El Verde y lo que podría ser… o no ser

Foto: Cuartoscuro

Signos

Claro que la perspectiva puede ser afectada por espejismos y facilismos interpretativos. De ahí el pospretérito. Pero es lo que parece que va pintando, y de lo que en el país, y en la entidad caribe sobre todo, habría que irse previniendo (vaya, en lo que se refiere al Verde y al Morena; en particular a los negocios del Niño Verde y de Marcelo Ebrard).

Porque si las cosas van por donde asoman, el Morena sería el partido que le limpie las botas que usa el Verde en el estercolero…, por lo pronto en los fangales quintanarroenses, donde mejor le sale el sol al dueño de ese partido; donde la tolerancia pública le ha pavimentado, desde hace décadas y diversos Gobiernos y procesos electorales locales y federales, el camino para traficar con la inmundicia de sus privilegios: con sus influyentismos y sometimientos del poder político, con las complicidades de la chusma de los grupos de poder en turno, con sus incontables y muy punibles excesos.

Porque es en el Caribe mexicano donde más y como a nadie alumbra el sol del éxito al Niño Verde; un éxito de dimensiones únicas y ya históricas, por cierto: consistente y continuado en el entorno de los negocios sucios que configuran la democracia mexicana, y que, debe reconocerse, no es capaz de conseguir cualquier mequetrefe o vividor profesional de la vida pública, sino uno que, pese a su vulgar catadura mercenaria, ha convertido la piltrafa de su partido ‘ecologista’ en un factor estratégico de interés de todo tipo de liderazgos y empresas electorales -llámense de izquierda, de centro o de derecha, y digan profesar cualquier inexistente credo ideológico-, desde los más insignificantes y provincianos hasta los más altos y republicanos; desde los más censurables y rapaces, hasta los que llegan al supremo poder del Estado abanderando el evangelio de la verdadera revolución moral de las instituciones y de la vida del país entero, y alcanzan una popularidad de idolatría como los más auténticos y legítimos de todos los tiempos. Porque el Niño Verde, de cuna salinista mecida por Ebrard, lo mismo ha sido aliado de los panistas más rancios, que amigo del expresidente Peña y su priismo vomitivo, que socio ahora mismo de los petistas de Fernández Noroña y Manuel Bartlett, y del morenismo instalado en Palacio Nacional.

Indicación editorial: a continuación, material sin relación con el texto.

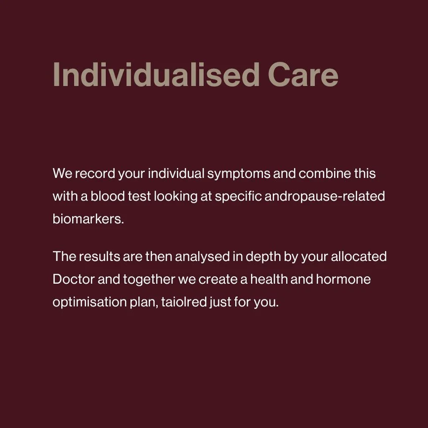 Through our personalised hormone optimisation therapy, we analyse each individual’s blood biomarkers to create a treatment plan that restores balance, vitality, and performance. Combining advanced medical expertise with innovative technology, we deliver care that is as dynamic and individual as the men we serve — helping you restore, rejuvenate, and thrive.

El Verde, y lo que sobrara del Morena, harían la plataforma de la candidatura presidencial del ahora secretario de Exteriores, cuyo perfil salinista y seudoprogresista -o de fifí camuflado de chairo a fuerza bajo sus ropas de diseñador caro, tan costosas como las del poderoso empresario delincuente Alonso Ancira y huésped distinguido y de prolongada estancia, con familia completa y todo, en lujosos complejos hoteleros a la orilla del Río Sena- bien podría juntar, con los actuales militantes expriistas, expanistas y experredistas del Morena que se quedaran en el partido, a no pocos priistas, panistas y perredistas que también dejarían de serlo, inconformes con la alianza más recalcitrante del PAN, el PRI y el PRD que postularía al ahora humilde predicador itinerante del mejor futuro para México -y salvado de la cárcel por la cobardía de la pasada Presidencia peñista-, el panista Ricardo Anaya.

De modo que Ebrard sería el candidato presidencial del Verde y de los restos del Morena para el 2024. Y perdería estrepitosamente. La codicia del poder podría impulsarlo al precipicio electoral y político. Aunque, claro, el canciller está muy lejos de ser tonto. Es fino no sólo para el estilo y el modo de vivir de primer mundo, lo es de olfato y bastante diestro en el cálculo político, y esa condición inteligente bien podría desviarlo de la impertinencia emocional de postularse y apartarlo a tiempo de las tentaciones sucesorias, y llevarlo, mediante las disciplinadas capacidades de negociación de las que goza, a una nueva posición de altura, diplomática o representativa, y esperar mejores tiempos para contender por la jefatura nacional.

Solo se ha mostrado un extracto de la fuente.